For today I have to give up. I'll be back on Friday.
Thanks for your help
-Phil
Some more thoughts... Is there a possibility of reading/verifying the EEPROM with the propeller tool without re-writing it? I could do a verify (compare against known good image) in the hot state. Is there a tool to read out the hub RAM after a crash?
- Stuff expands
- caps de-rate
- Internal clocks run fast
- Vreg's turn off
It's hard to say without a schematic (and that might not help, anyway), but my list would be either something mechanical (something expands and opens under heat), something on the power stage, or something with the xtal. What is the Vreg rated for and how hot does it get? What are the specs for the xtal? Does the Prop work when hot without using the xtal? What's the Vin of the Vreg? boards were e-tested before assembly, right?

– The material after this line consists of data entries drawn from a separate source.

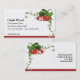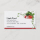 This gardener's business card design has tomato, bell pepper, cucumber and onions displayed on front and back with a line of the red colour out of the onion at the bottom.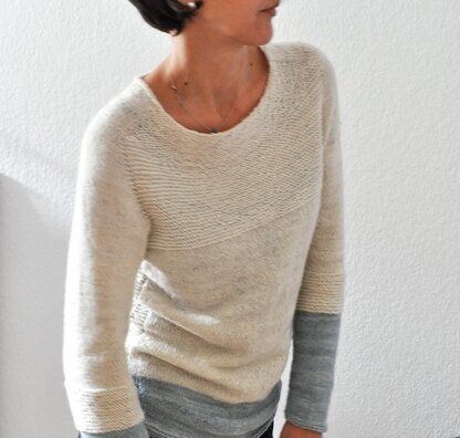 Antler is a cosy every day sweater. Easy to wear with a feminine neckline and nice garter stitch details. Play with colorblocking!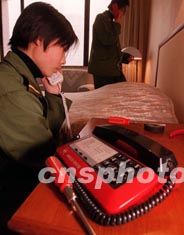 北京保障京西賓館通信的解放軍女兵,目前正在緊張檢修電話,以確保參加中國人大和政協“兩會”的代表、委員通信萬無一失。作者:宋吉河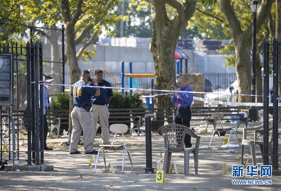 7月28日,在美国纽约,警方调查人员在枪击事件现场工作。 新华社记者 王迎 摄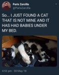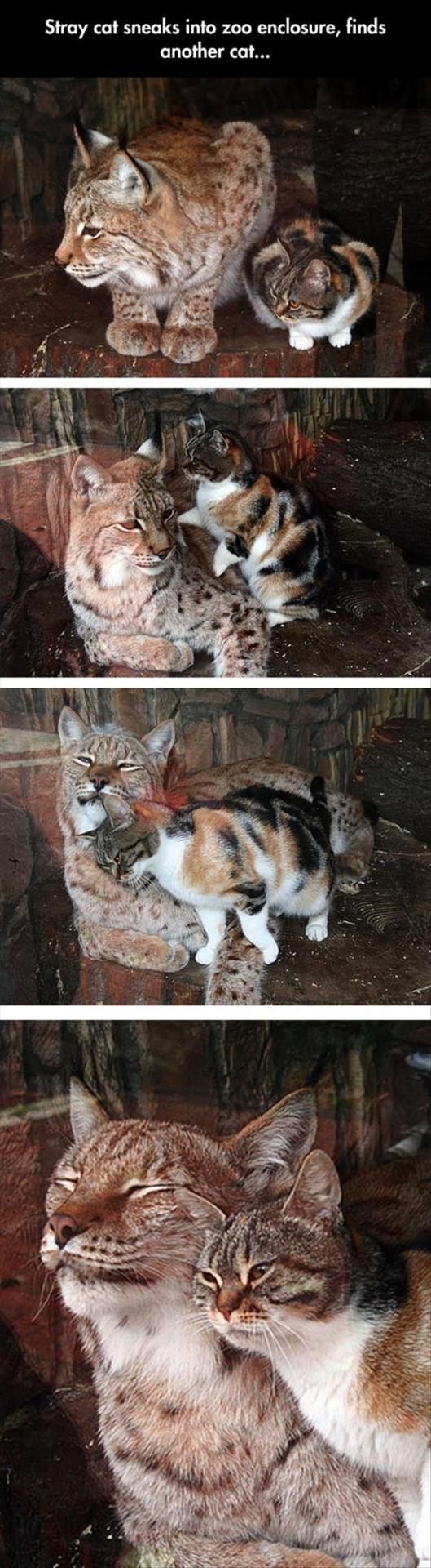 so this stray cat, she obviously has no colony if she’s wandering around and sneaking into zoo enclosures, so she’s like ‘hey! there’s food here! what up, other cat, let’s be friends, let’s be friends and share that food’. and the bobcat is like ‘??????’ because actually wild cats are pretty cautious about initiating hostilities and anything new and aggressive makes them very worried. and the domestic cat is like ‘haha cool, ok, we’re friends now, big guy. no problems.’ and the bobcat is like ‘????? well…?? ok?’ and then they are friends.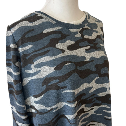 Elliott Lauren Blue Camo Long Sleeve Tunic Top 100% Cotton Womens Size Small

I've never had a problem when shorting a propeller output pin. My hunch is something wrong with the Vreg that causes it to drop out when the xtal switches on, or an out of spec xtal.
But I found out something different. When I touch one of the crystal pins with the probe tip of my multimeter the voltage changes from 0.3V (non oscillating) to around 1.5V (oscillating). When I hold the tip on the crystal all the time while switching power on, any of the bad boards boots sucessfully and is working perfectly even when I remove the tip later. So it seems to be a crystal problem. As the crystal is located directly next to the EEPROM, cooling the EEPROM also affected the crystal.

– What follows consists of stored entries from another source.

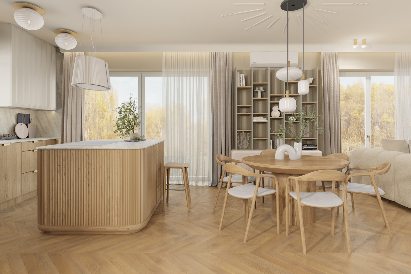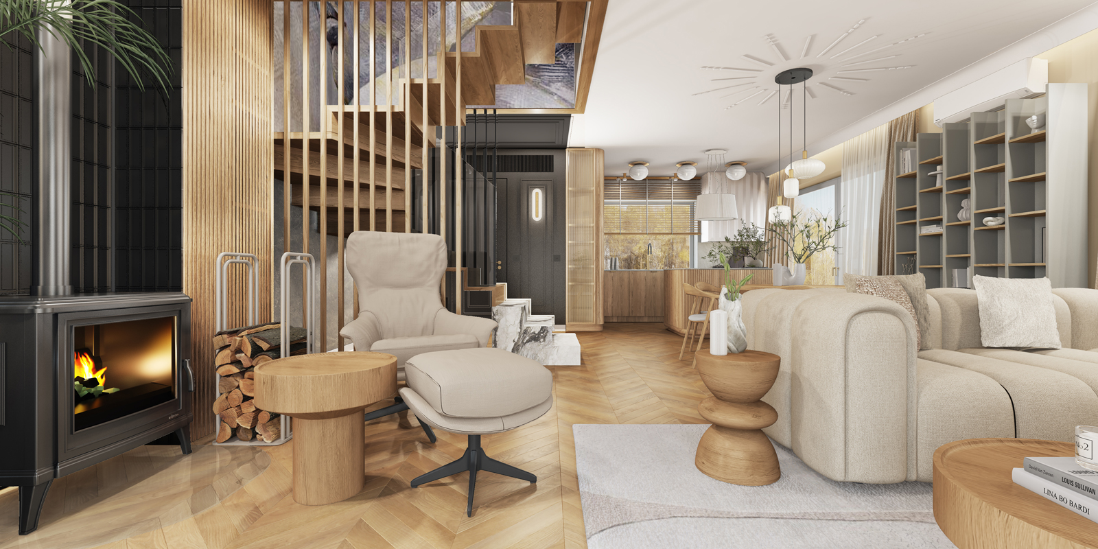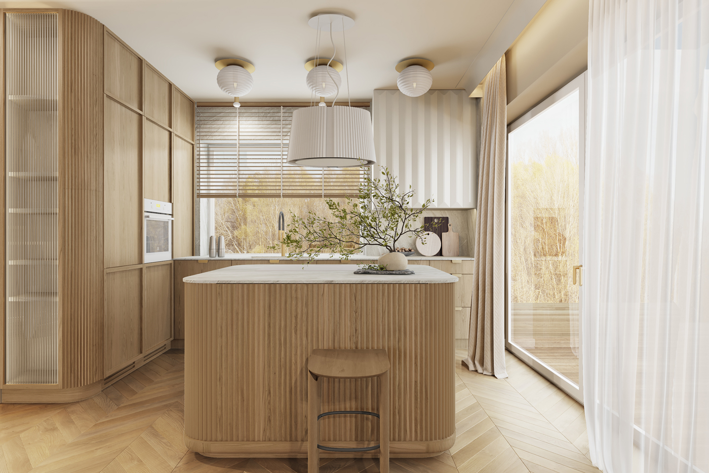W kuchni i strefie dziennej dominują jasne tonacje drewna, strukturalne okładziny i autorskie detale meblowe. Zaoblone cokoły i miękkie linie wyspy kuchennej wprowadzają łagodność do funkcjonalnej przestrzeni.
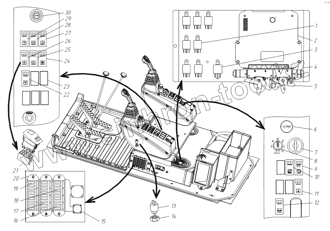 Каталог запасных частей к технике: ТВЭКС ТХ-220. Электроуправление в кабине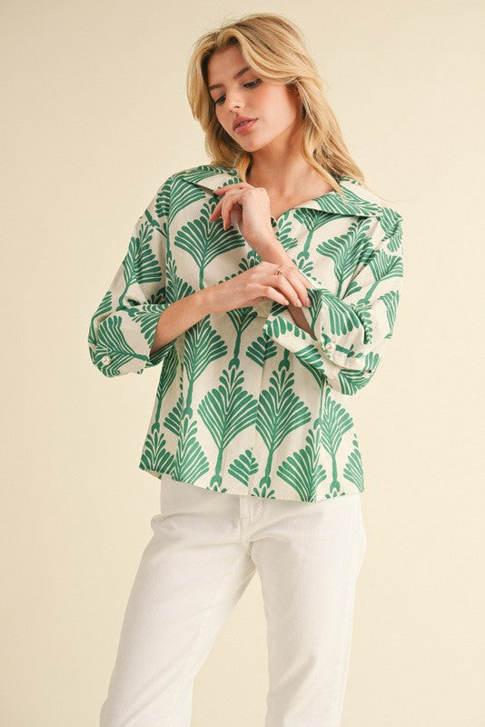 Green print top with open wide collared neck with pearl button closure, 3/4 sleeves and pearl buttons on cuffs.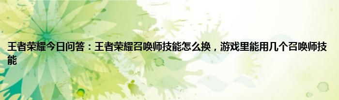 王者荣耀今日问答:王者荣耀召唤师技能怎么换,游戏里能用几个召唤师技能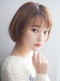 顔周りに沿ったカットラインが、小顔効果とかわいらしい印象を与えてくれるスタイル。いつもの茶髪ではなく少し差をつけるにはおすすめのオレンジベージュカラーも相性抜群◎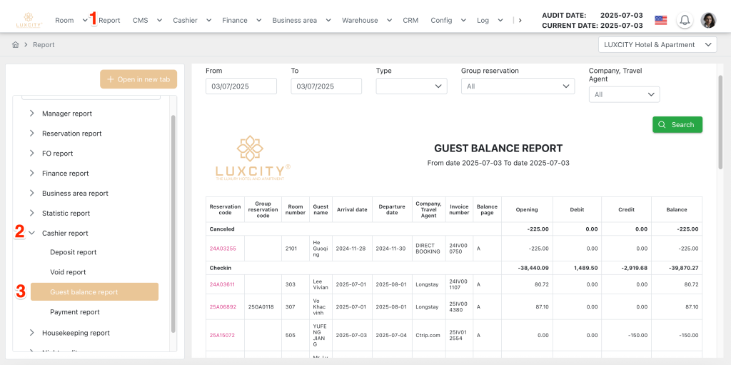 - Navigation: Report menu(1) > Cashier report group(2) > Guest balance report(3)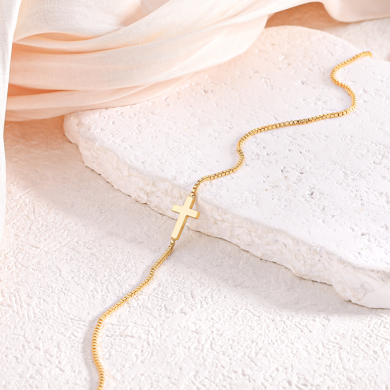 European and American Fashion Ins-Style Copper-Plated 14K Real Gold Cross Necklace, Simple and High-End Women's Clavicle Chain Wholesale

I don't use real quartz crystals but ceramic resonators from Murata (CSTCC 4.91MHz). Maybe they need a different load capacity. Or they require some noise to start up properly. I like the ceramic crystals because they are smaller than cheap standard crystals at 5MHz. From my experience they are much more forgiving than standard quartz crystals and start up more quickly even with only a 74HC00 gate as "amplifier". I never had problems with them and sold 1000s of Altera and AVR based products with ceramic crystals. But the propeller seems to be different. I tried different clock modes (XTAL1 and XTAL3) but it makes no difference.
I think that there have been discussions about suitable crystals on this forum.

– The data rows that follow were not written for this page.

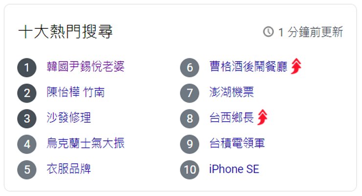 윤석열 대통령 당선인 소식이 전해지자 지난 10일(현지시간) 대만인이 널리 사용하는 ‘야후 대만’ 실시간 검색어에 ‘한국 윤석열 아내’라는 키워드가 상위권에 올랐다.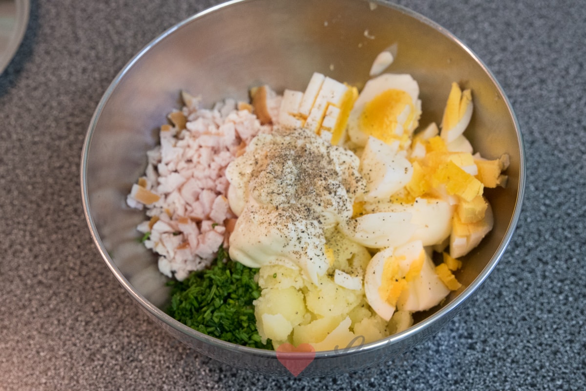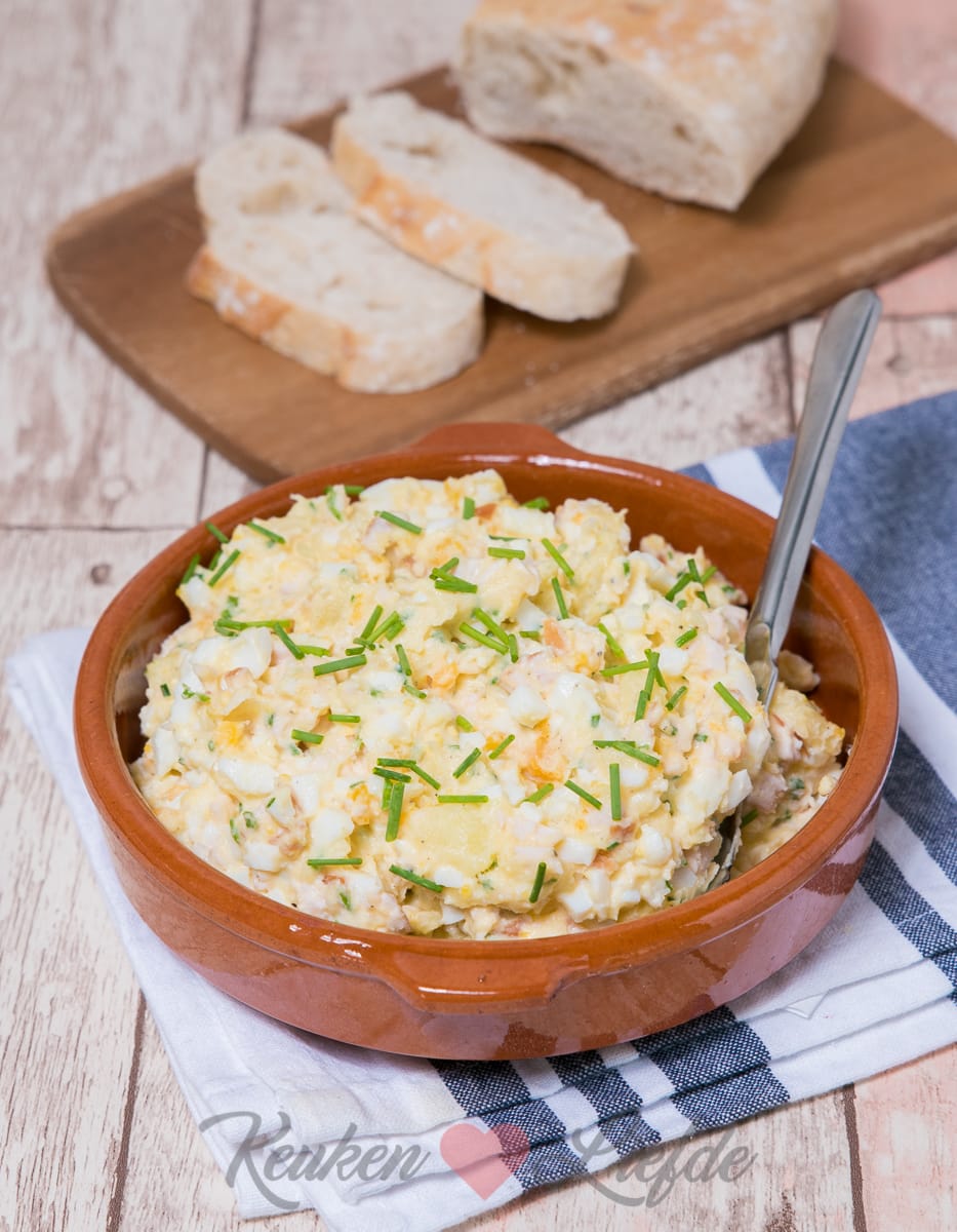 Deze aardappel-eisalade met gerookte kip smaakt heerlijk bij de borrel op een toastje, op een sneetje brood of eet hem als lunch eventueel met wat groene blaadjes erbij. Tip: maak gerust een dubbele hoeveelheid want hij is verslavend lekker!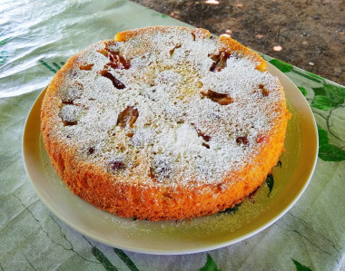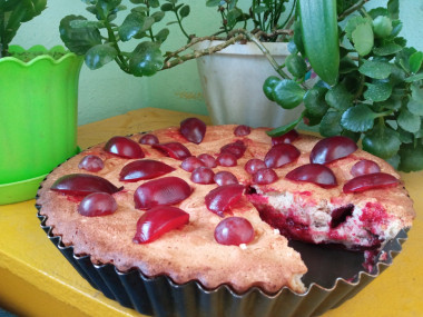 Тесто нежное и воздушное, просто тает во рту. Сливы порезала очень мелко, но часть все равно осела на дно, это стоит учитывать. Я добавила кислые сливы, получился очень интересный контраст с нежным и сладким тестом. Сверху добавила немного винограда. Всем советую!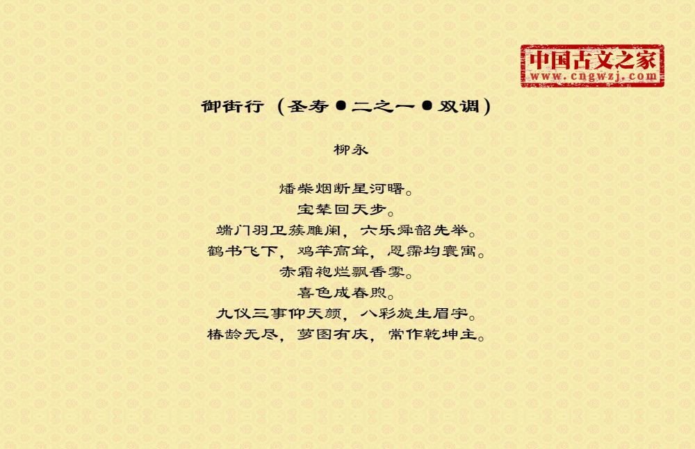 《御街行(圣寿·二之一·双调)》的原文打印版(柳永)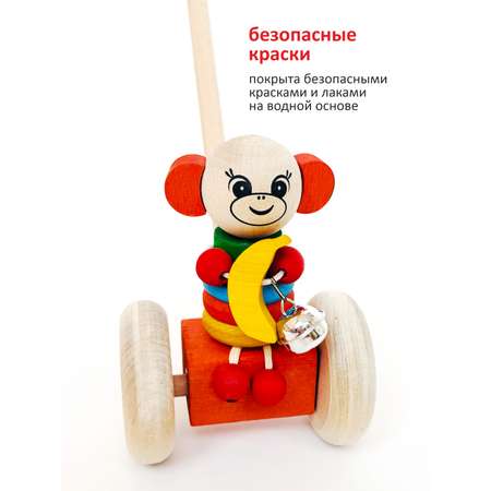 Окрашены безопасными водными пропитками и лаками, сертифицированными для малышей. Каталку на палке можно мыть или протирать влажной тканью. Сделана В России. Общая длина 50 см.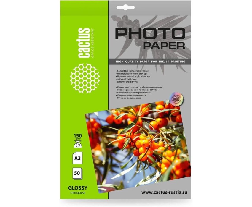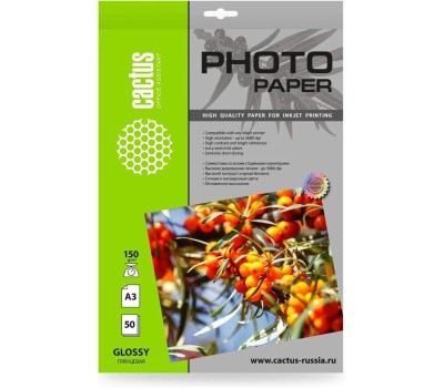 Фотобумага CACTUS Фотобумага CS-GA315050, A3, для струйной печати, 50л, 150г/м2, белый, покрытие глянцевое

I just exchanged 3 of the crystals on the bad boards with new ones. They immediately worked without problems. The bad ones need remarkably longer to startup oszillation (200..500µs) whereas the good ones startup <150µs. And I had a very strange phenomenon, again. One of the bad boards magicaly cured after pressing the probe tip several times on the pins. Maybe it has to do with mechanical stress (sometimes due to thermal expansion)?